= Casius (see) =

Casius or Casium (Κασιον, Kasion) was a residential episcopal see in the Roman province of Augustamnica Prima in Lower Egypt, and is now a titular see of the Catholic Church.

The article about it in the Catholic Encyclopedia of 1908 calls the see "Casium", but the official yearbook of the Holy See gives "Casius" as the Latin form (and "Casio" in Italian).

== Location ==
The city that gave its name to the see was not far from Pelusium and close to the sandhills known to Greek geographers as the Casium Mountain (Κασιον Ορος, Kasion Oros), today Ras Kouroun, El-Katieh, or El-Kas. Its ruins are at Mahemdiah.

A temple of Zeus Kasios, the Aramean god Qasiou, was at the city.

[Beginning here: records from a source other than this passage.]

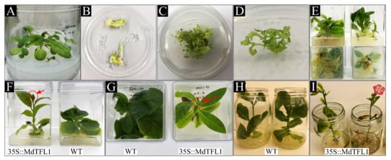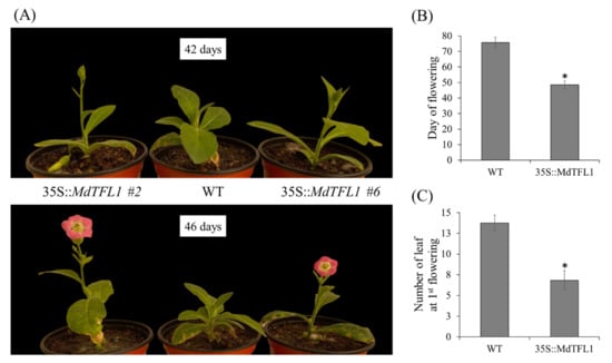 Leaf disks of in vitro tobacco plants were transformed with 35S::MdTFL1 using an Agrobacterium-mediated transformation method []. Briefly, leaf disks were cut to a size of 0.5 cm2 and they were soaked with the transformed Agrobacterium in a liquid co-cultivation medium MSCO (4.3 g/L MS medium including B5 vitamins, 30 g/L sucrose, 1 mg/L BAP, 0.1 mg/L NAA) plus 100 µM acetosyringone. Following Agrobacterium-mediated transformation, leaf disks were placed upside-down (adaxial contacted to medium) on solid MSCO medium containing 4 g/L gelrite in the dark for 3 days. The explants were washed with sterile distilled water 3–4 times to remove excess Agrobacterium, and the final washing was performed with sterile distilled water + 500 mg/L cefotaxime for 10 min with gentle shaking. The explants were blotted onto sterile filter 3M paper before transferring to the selection medium MSSE (MSCO + 250 mg/L cefotaxime, 100 mg/L hygromycin B), and they were cultured at 25 °C for 2~3 weeks in the dark for callus induction until adventitious shoots appeared and were then exposed to light for 1 more week. The putative transgenic shoots were cut at the base from the callus, transferred to MSSE, and cultured with a 16 h/8 h (light/dark) photoperiod and light intensity 100 μmol∙m−2∙s−1 subculture every 3 weeks. For obtaining whole plantlets, the shoots were transferred to the rooting medium MSR (4.3 g/L MS medium including B5 vitamins, 30 g/L sucrose, 0.1 mg/L IBA, 250 mg/L cefotaxime, 100 mg/L hygromycin B, and 4 g/L gelrite). The leaves of putative seedlings were cut off for genomic DNA extraction and PCR. The homozygous transgenic lines carrying 35S::MdTFL1 were transplanted to the soil for phenotypic and gene expression analysis. Plants were grown in a glasshouse at 25 °C under long-day conditions.
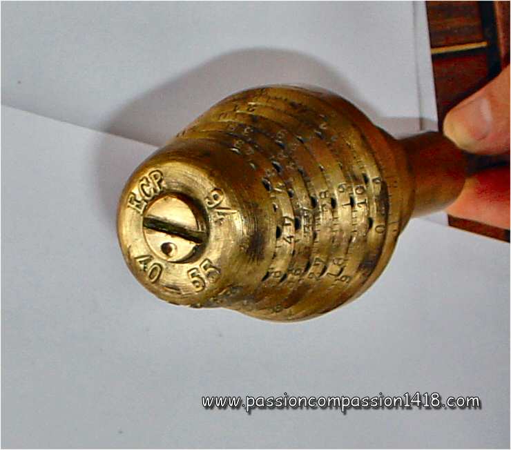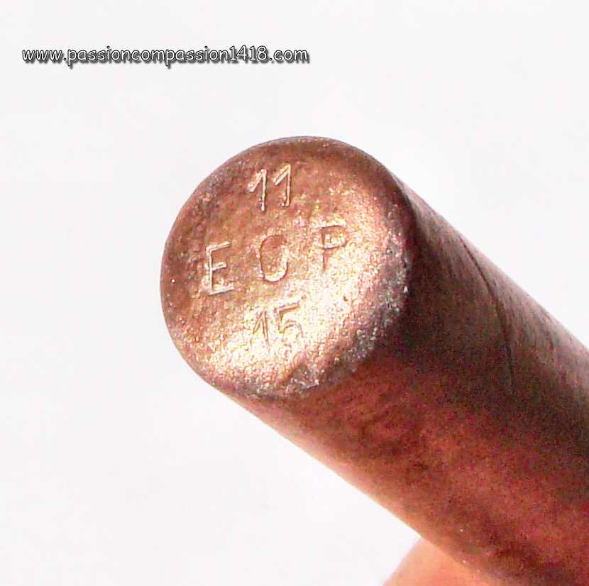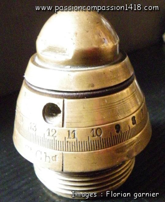 Fusée 22/31 Mod 1897. détail de dessus : inscriptions'ECP 10 05' - '22-31 Mle 97' |
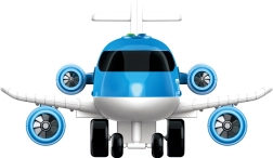 Objevte zábavu na zemi i ve vzduchu. Velké letadlo s efekty je připravené na akci – po stisknutí čtyř tlačítek na přídi se aktivují světelné a zvukové efekty, které umocní realistický zážitek z letu. Díky setrvačníku se letadlo hladce rozjede po podlaze a s otevíratelnou zadní rampou snadno naložíte i vyložíte autíčka.

Pompey was murdered nearby and was buried there.

==Bishops==
The town is mentioned in Georgius Cyprius, Hierocles's Synecdemos (727, 2), and Parthey's Notitia Prima, about 840, as a bishopric depending on Pelusium.

Only one bishop is known, Lampetius, present at the Council of Ephesus in 431. Saint Cyril of Alexandria sent him, together with Hermogenes, Bishop of Rhinocorua, to Rome, where both were present at the consecration of Pope Sixtus III. Many letters of Isidore of Pelusium are addressed to him.